Como criador e defensor do Positivismo, Comte afirma que o 
pesquisador deve ser imparcial, neutro e laico, além de pragmático 
na sua pesquisa. Buscar leis e princípios que regem a vida social 
requer a isenção do investigador para compreensão plena. 
Comte (e outros pensadores) estavam sob forte influência das 
ciência naturais, já consolidadas. Buscavam inspiração na Física e na 
Biologia para encontrar formas efetivas de analisar a sociedade. 
Eram evolucionistas, corrente de pensamento que considera a 
sociedade e sua cultura resultantes de um permanente processo 
de evolução. 
Do Positivismo vem o lema “prever para prover”. Altamente 
cientificista, a Sociologia proposta por Comte estabelece uma 
conexão teórico-metodológica com as ciências naturais. Temos 
então ideias como previsibilidade e regularidade sendo mobilizadas 
para construir a noção de que mudanças e aperfeiçoamentos 
sociais são possíveis, desde que sejam dominadas as leis gerais do 
funcionamento da sociedade. Por isso, a questão da ordem. 

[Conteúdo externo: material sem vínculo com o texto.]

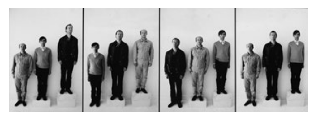
Portretten (Niveauverschillen) (Portraits (Level Differences)), 1971–1972, photo: Philippe De Gobert, courtesy of Estate of Guy Mees, Private Collection, Ghent

His work has been featured in various international group exhibitions including: Zero Avantgarde, Lucio Fontana's Atelier, Milan (1965); Wide White Space, Antwerp (1967): Belgium Avant-Garde, Palais des Beaux-Arts, Brussels (1973); Museum of Modern Art. Oxford. (1974): The Sixties: Art in Belgium, Stedelijk Museum voor Actuele Kunst (SMAK), Ghent (1979); Betekende Ruimte II-Plaats van Handeling / Designated Space II–Space as Scene. Museum Dhondt-Dhaenens, Deurle, (1993); La Consolation, Magasin Centre National d'Art Contemporain de Grenoble (1999): Exile on Main Street, N.I.C.C, Antwerp (2002): STUK. Leuven. (2002): Dedicated to a proposition, Extra-City Kunsthal, Antwerp (2004); Monopolis - Antwerpen, Witte de With, Center for Contemporary Art, Rotterdam (2005); A Story of the Image: Old & New Masters from Antwerp, Museum van Hedendaagse Kunst Antwerpen, Antwerp (travelled to Shanghai Art Museum, followed by National Museum of Singapore, 2007-2009): 7. Roger Raveel Museum, Machelen-Zulte (2007); T-Tris B.P.S.22, Espace de création Contemporaine, Charleroi (2009); The Responsive Subject, Mu.ZEE, Ostend (2010-2011); Looking Back, Argos, Brussels (2012): 50 Days at Sea, 9th Shanghai Biennale (2012): The Gap: Selected Abstract Art from Belgium at the Parasol unit foundation for contemporary art, London and the Museum van Hedendaagse Kunst Antwerpen, Antwerp (2015-2016) among others.

Comte foi o primeiro autor a usar o termo Sociologia (sua primeira 
proposta era Física Social). Instruía que o estudo da sociedade se 
realizasse com o mesmo espírito dos cientistas naturais. Era preciso 
assumir a neutralidade científica, abandonar os pré-conceitos e 
juízos de valores. A origem da Sociologia, que se confunde com o 
próprio Positivismo, tinha como regra a objetividade do pesquisador. 
Era preciso alcançar o estado “positivo”, fundamentado no método 
científico consolidado durante a Revolução Científica. 
 
 
 
 
Comte dá origem então a Lei dos três estágios (ou estados). Essa 
lei explica o progresso desenvolvimento das sociedades, além de as 
categorizar como mais ou menos evoluída (em comparação a 
outras sociedades). Assim a história da humanidade é descrita pela 
passagem dos estados anteriores ao estado positivo. 
O primeiro estado é o teocrático. Caracterizado pela explicação 
sobre o mundo e os fenômenos baseada em imaginação 
divindades, entidades de ordem mística e mítica., a fim de explicar a 
realidade. 
 No segundo estado, o metafísico, temos uma percepção do 
mundo menos encantada, como uma transição do misticismo para 
a ciência. Aqui os fenômenos são baseados em entidades abstratas, 
mas não divinas, como a razão ou a natureza. 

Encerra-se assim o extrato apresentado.